What you should give back is a precise copy of the lines below from the one containing "говорится в сообщении." through the one containing "बदनोर (हलचल)। उपखंड", with no pictures.

*Input:*
******

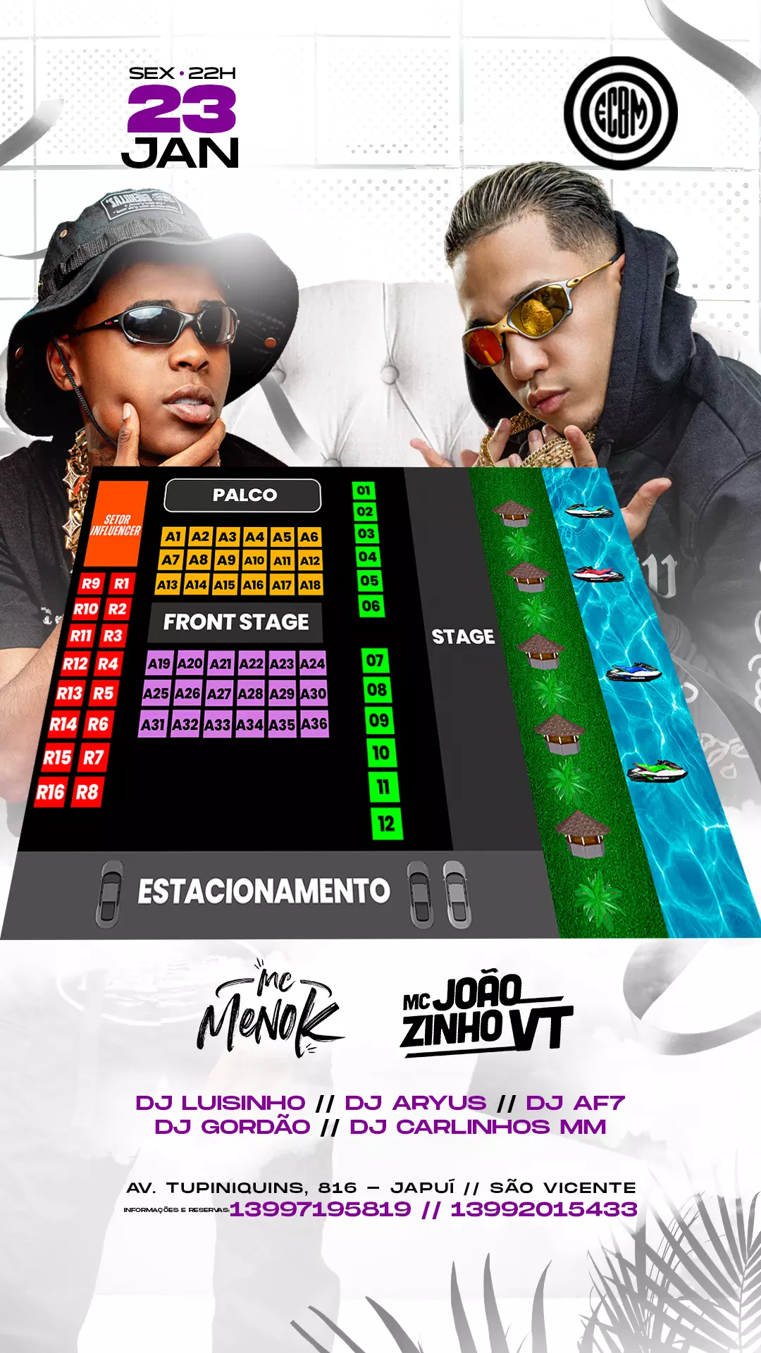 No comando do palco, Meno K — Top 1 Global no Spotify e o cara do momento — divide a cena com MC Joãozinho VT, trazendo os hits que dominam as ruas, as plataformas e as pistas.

******

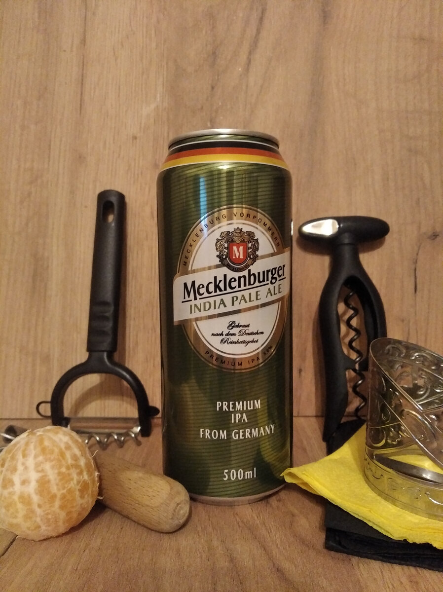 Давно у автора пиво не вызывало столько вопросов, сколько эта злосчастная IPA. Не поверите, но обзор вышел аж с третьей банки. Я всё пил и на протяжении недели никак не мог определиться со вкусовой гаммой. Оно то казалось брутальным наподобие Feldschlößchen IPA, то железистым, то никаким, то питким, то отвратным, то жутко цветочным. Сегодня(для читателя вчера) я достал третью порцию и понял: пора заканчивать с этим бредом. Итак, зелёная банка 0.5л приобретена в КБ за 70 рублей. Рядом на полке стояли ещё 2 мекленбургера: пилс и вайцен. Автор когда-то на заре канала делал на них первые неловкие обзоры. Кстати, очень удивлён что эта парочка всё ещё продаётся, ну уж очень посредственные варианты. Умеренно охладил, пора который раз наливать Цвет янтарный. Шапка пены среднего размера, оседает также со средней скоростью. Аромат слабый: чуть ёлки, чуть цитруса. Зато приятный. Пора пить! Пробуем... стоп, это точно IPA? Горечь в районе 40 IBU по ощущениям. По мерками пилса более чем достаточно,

******

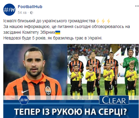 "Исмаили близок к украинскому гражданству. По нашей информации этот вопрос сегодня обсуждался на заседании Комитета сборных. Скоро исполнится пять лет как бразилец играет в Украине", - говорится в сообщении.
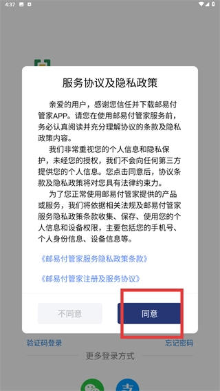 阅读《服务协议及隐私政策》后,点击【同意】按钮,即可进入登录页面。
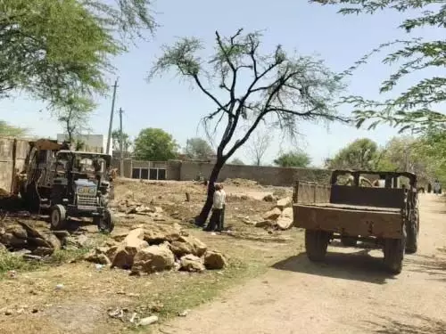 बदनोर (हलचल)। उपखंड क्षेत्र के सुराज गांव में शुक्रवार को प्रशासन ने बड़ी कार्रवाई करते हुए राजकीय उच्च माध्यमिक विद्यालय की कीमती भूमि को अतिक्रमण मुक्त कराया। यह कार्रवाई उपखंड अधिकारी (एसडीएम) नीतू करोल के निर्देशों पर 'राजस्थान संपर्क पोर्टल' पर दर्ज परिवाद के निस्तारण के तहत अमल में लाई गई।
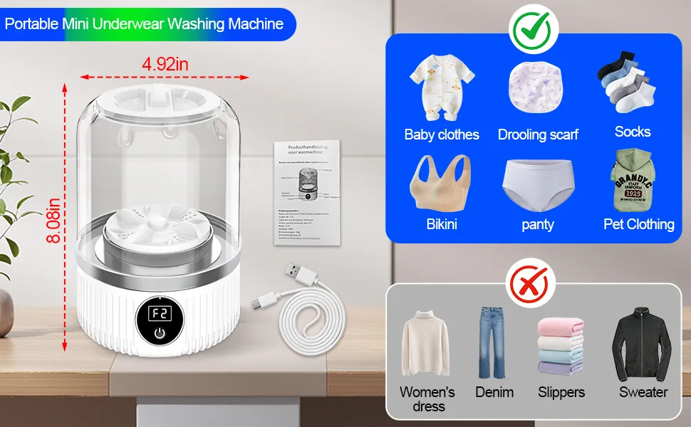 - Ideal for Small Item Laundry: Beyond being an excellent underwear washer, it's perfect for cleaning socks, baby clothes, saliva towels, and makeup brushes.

******

*Final answer:*
 "Исмаили близок к украинскому гражданству. По нашей информации этот вопрос сегодня обсуждался на заседании Комитета сборных. Скоро исполнится пять лет как бразилец играет в Украине", - говорится в сообщении.
 阅读《服务协议及隐私政策》后,点击【同意】按钮,即可进入登录页面。
 बदनोर (हलचल)। उपखंड क्षेत्र के सुराज गांव में शुक्रवार को प्रशासन ने बड़ी कार्रवाई करते हुए राजकीय उच्च माध्यमिक विद्यालय की कीमती भूमि को अतिक्रमण मुक्त कराया। यह कार्रवाई उपखंड अधिकारी (एसडीएम) नीतू करोल के निर्देशों पर 'राजस्थान संपर्क पोर्टल' पर दर्ज परिवाद के निस्तारण के तहत अमल में लाई गई।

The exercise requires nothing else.